#### [Provided material]
[Start of section]
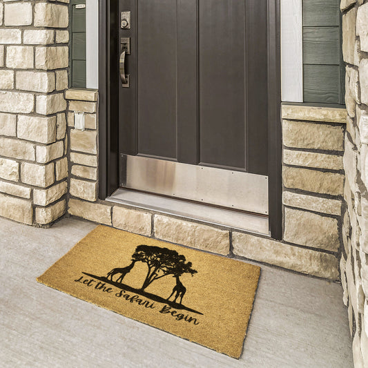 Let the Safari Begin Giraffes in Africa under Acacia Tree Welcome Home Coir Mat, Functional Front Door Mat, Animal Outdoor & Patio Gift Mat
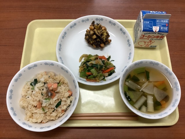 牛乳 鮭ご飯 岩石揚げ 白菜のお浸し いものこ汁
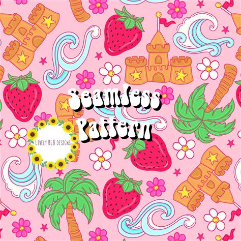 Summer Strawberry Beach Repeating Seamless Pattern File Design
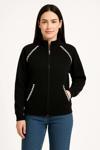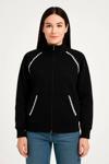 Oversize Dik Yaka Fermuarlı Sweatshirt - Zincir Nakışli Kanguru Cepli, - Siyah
[End of section]
[Start of section]
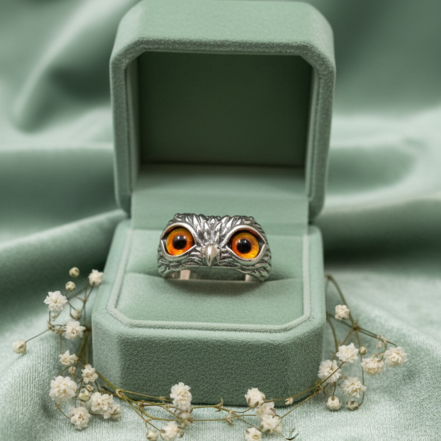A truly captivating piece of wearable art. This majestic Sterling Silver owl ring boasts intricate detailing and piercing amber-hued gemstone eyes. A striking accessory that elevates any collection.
[End of section]
#### [About this exercise]
Reproduce the lines above starting at the one with "Let the Safari" and ending at the one with "Oversize Dik Yaka", both included, exactly and with no pictures.

#### [Result below]
 Let the Safari Begin Giraffes in Africa under Acacia Tree Welcome Home Coir Mat, Functional Front Door Mat, Animal Outdoor & Patio Gift Mat
 牛乳 鮭ご飯 岩石揚げ 白菜のお浸し いものこ汁
 Summer Strawberry Beach Repeating Seamless Pattern File Design
 Oversize Dik Yaka Fermuarlı Sweatshirt - Zincir Nakışli Kanguru Cepli, - Siyah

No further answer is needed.